Using a combination of high-tech methods — like mimicking a code of electronic signals to fool the garage-door sensors — and low-tech ones, like spritzing hair spray on heat detectors to temporarily disable them, the thieves made their way to the vault’s combination lock. With 100 million potential combinations, the lock remains the heist’s biggest mystery. Notarbartolo claims he was able to record the combination through the use of a video camera, but the position of the lock in relation to anyone unlocking it would likely have blocked it from view. A more obvious theory is that whoever last locked the vault simply forgot to spin the wheel when they left.
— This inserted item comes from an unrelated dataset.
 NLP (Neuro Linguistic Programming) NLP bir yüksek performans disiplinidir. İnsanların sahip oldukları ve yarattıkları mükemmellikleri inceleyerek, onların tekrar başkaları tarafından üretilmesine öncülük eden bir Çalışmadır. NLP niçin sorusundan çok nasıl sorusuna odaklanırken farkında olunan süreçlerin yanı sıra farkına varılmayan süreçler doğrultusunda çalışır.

“While they were no slouches, I also do think they got lucky,” says Joseph Cummins, author of Heists. Notarbartolo’s account portrays his gang as a band of expert thieves — which sounds better if you’re angling for a movie deal. But, as Cummins says, “luck probably got them into the vault itself.”

The one thing that is certain is that Notarbartolo got caught. Once the thieves absconded, the police received a big break when a curmudgeonly retiree named August Van Camp called about rubbish that had been dumped on his property. Van Camp often called to complain about trespassers, but this time he vented about a jumble of envelopes from the Antwerp Diamond Centre, a videotape and a half-eaten salami sandwich dumped on his land. Police rushed to the scene and picked up the evidence that led them straight to Notarbartolo.

“By now, the vast majority of the stolen diamonds have been sold many times over and could be on the ring fingers of some of your readers."

The litter gave prosecutors all the proof and DNA they needed to send Notarbartolo to prison for 10 years, with three of his conspirators sentenced to five years each. But that didn’t help police locate the stolen jewels. “By now, the vast majority of the stolen diamonds have been sold many times over and could be on the ring fingers of some of your readers,” Selby says.

It might all have been worth it for everlasting fame. After all, J.J. Abrams optioned the movie rights to the Wired article’s story about the heist. But for now, Notarbartolo’s luck seems to have run dry: The movie project has been pushed aside for the priceless haul of other films.